When the Dust Settles
The WCIRB’s alarming findings call to mind two long-standing claims mantras: “WC claims do not get better over time” and “The best case is a closed case.” The findings also drive home the very real and significant impact that prolonged WC claims are having on California claims payers. As the data demonstrates, open WC claims become far more expensive, complicated, and difficult to settle as they age.
This raises the important question of what claims payers (in and outside of California) can do to prevent claims from remaining open for long periods of time.
Here are a few thoughts to begin the discussion of how to improve the situation:
- Claims payers need a game plan from day one to prevent claims from spiraling out of control. Predictive analytics can play a vital role here, especially on newer claims. Over the past several years, tremendous strides in the areas of data and analytics have made predictive modeling more precise and more important than ever before.
- As the study indicates, drug costs are a main cost driver as claims age, and claims payers must examine this more closely. Some claims payers have developed in-house prescription programs to better manage drug costs. Private companies also offer prescription cost-containment services—ranging from simple review and recommendations to more involved approaches such as direct peer-to-peer intervention.
- Another important factor to consider is Medicare. Many older claims involve claimants who are now on Medicare—either due to age or through Social Security disability. This brings Medicare Set-Aside (MSA) issues into the equation, which some cite as preventing claim settlement in older or more complicated claims. However, parties are often too quick to write off settlement due to an MSA without first fully exploring (or understanding) what can be done to get the MSA into a reasonable range or what alternative options may be available.
This new WCIRB report is a cautionary tale, but steps can be taken to gain control. While 100 percent claim closure may not be possible in all instances, there is room for improvement when it comes to claims strategies to settle cases and prevent them from becoming permanent fixtures on the claims shelf.

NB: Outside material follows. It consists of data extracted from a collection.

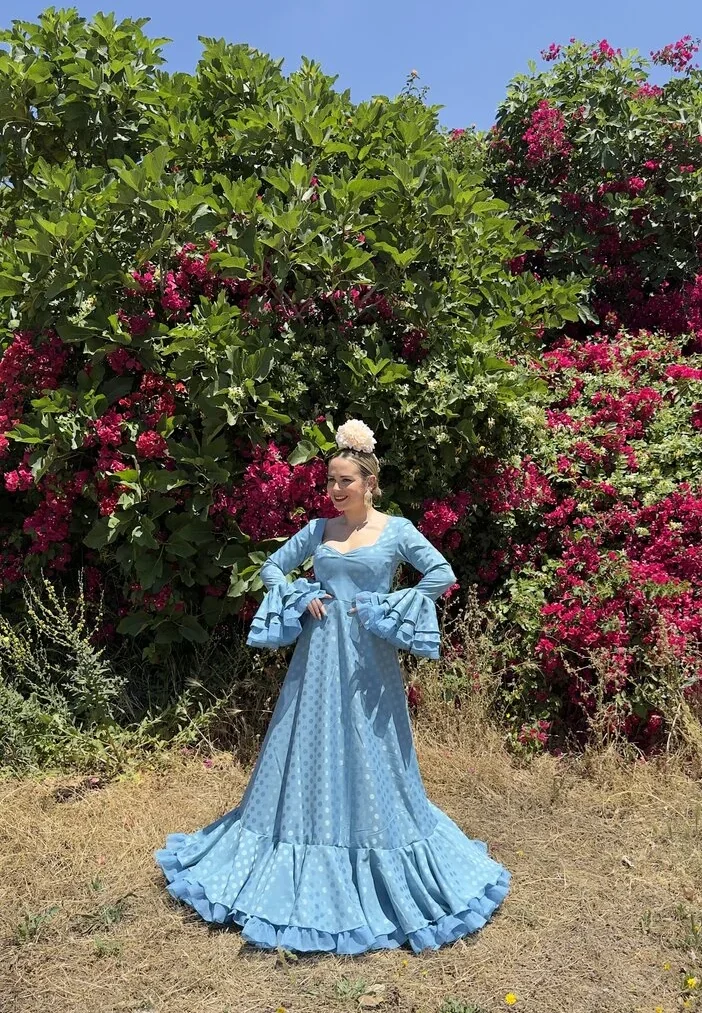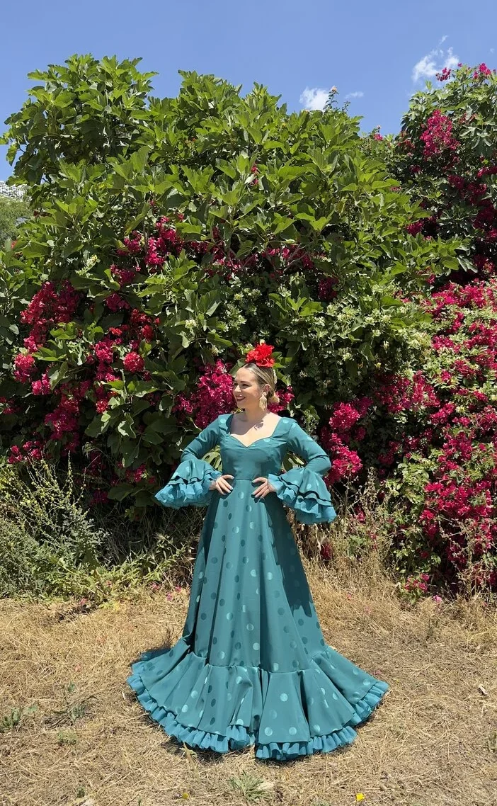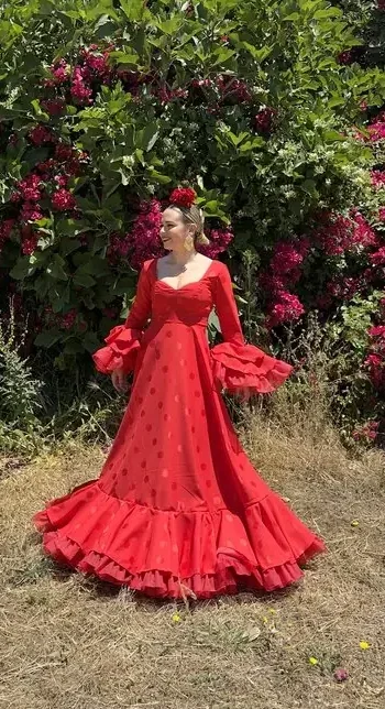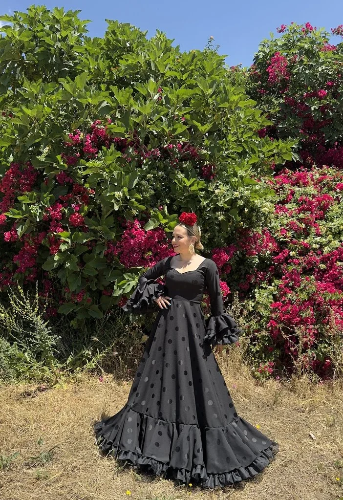 Sus volantes aportan volumen y personalidad al vestido, manteniendo la esencia del traje de flamenca tradicional andaluz, con un diseño actual y funcional.
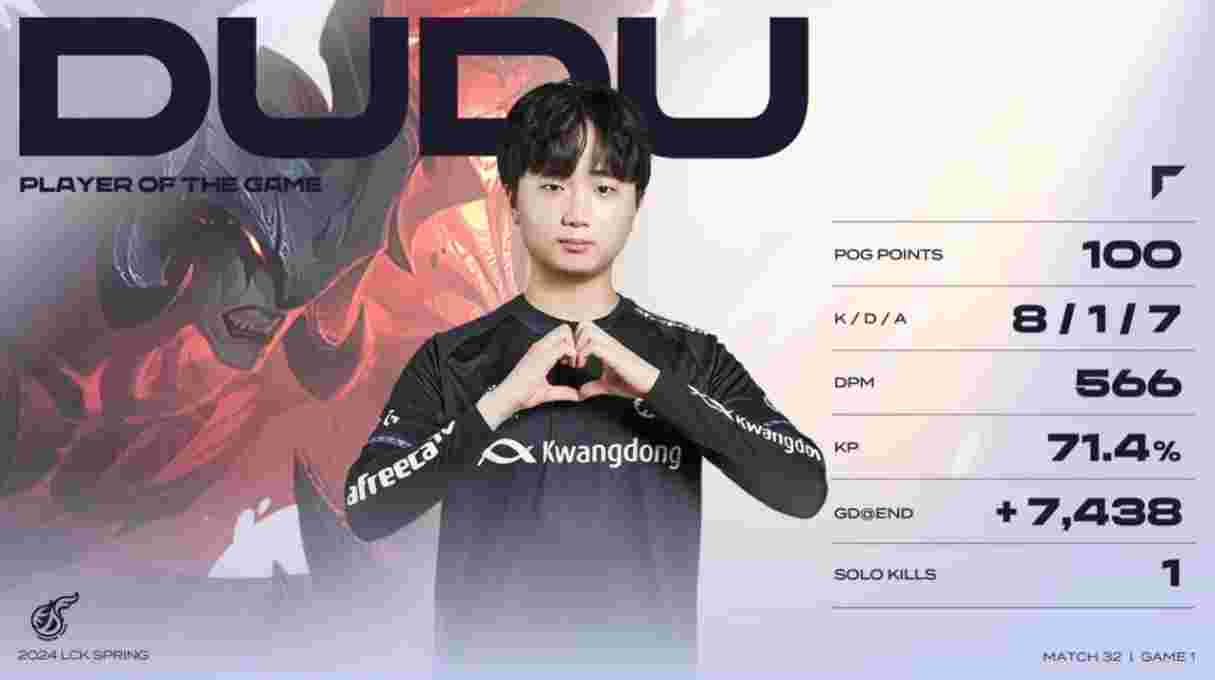 比赛前期KDF对线打出优势,DuDu剑魔线上轻松单杀Rascal卡尔玛。
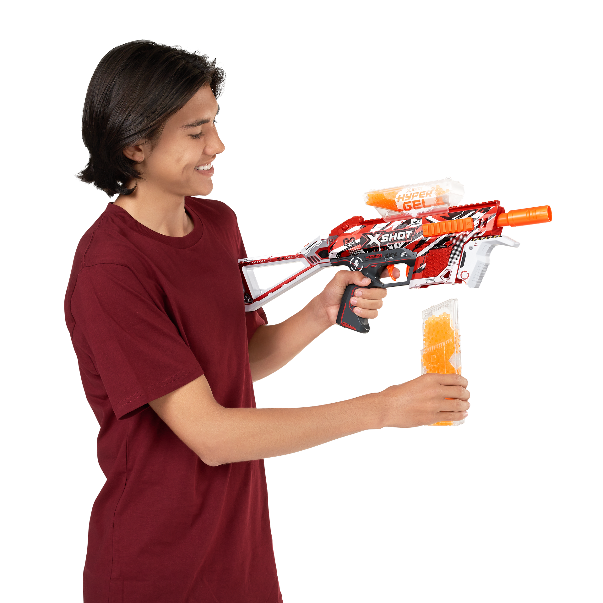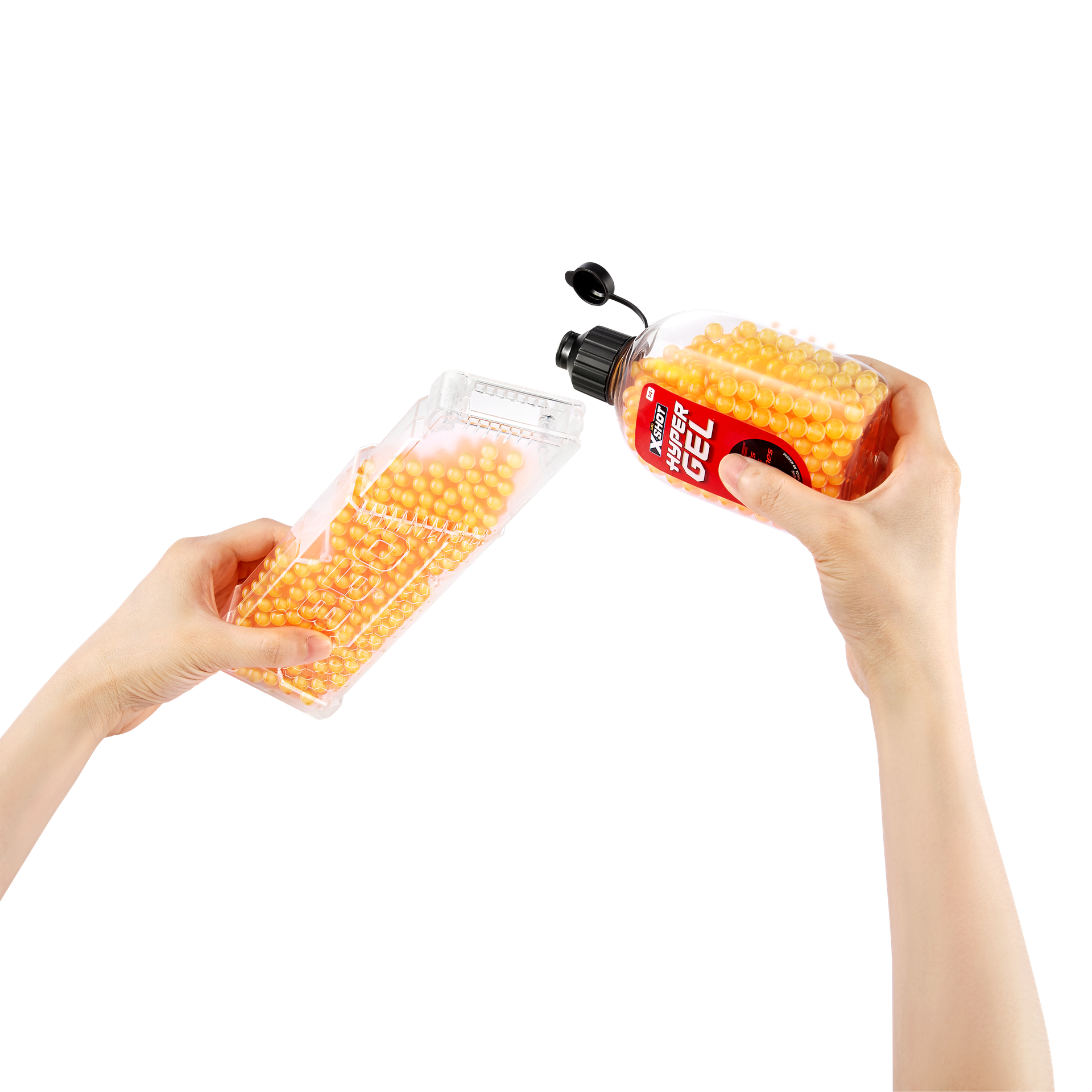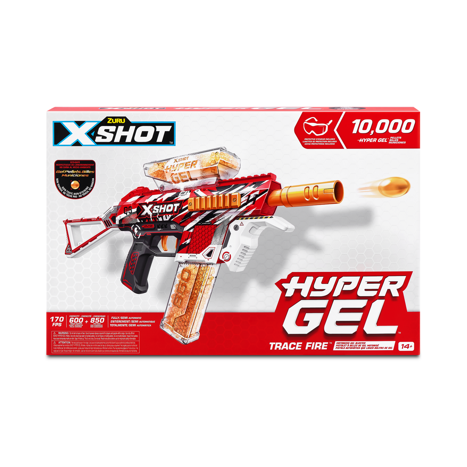 It’s time to get hyped up with X-Shot Hyper Gel! The X-Shot Hyper Gel Trace Fire can blast Hyper Gel Pellets at 200 feet per second with its motorized fully and semi automatic modes. The Trace Fire has a 800 Pellet capacity hopper, when you run out of Gel Pellets simply flip your blaster to reload from the 800 Pellet capacity mag. This motorized Gel Blaster comes with a rechargeable battery. Stocked with 10,000 Hyper Gel Pellets and protective eyewear, just add water to start the ultimate Gel Blaster battle!

1 The WCIRB is a licensed rating organization and the California Insurance Commissioner’s designated statistical agent. The WCIRB performs many functions, including collecting premium and loss data on every workers' compensation policy, examining policy documents, inspecting insured businesses, and conducting payroll and claims classification audits. More information on this important group can be obtained at www.wcirb.com.
2 G. Johnson, California Medical Payment Development Up to 30 Years Post-Injury, WCIRB, July 2015.
3 NCCI, Medical Services for Claims 20 or More Years Old, January 2013.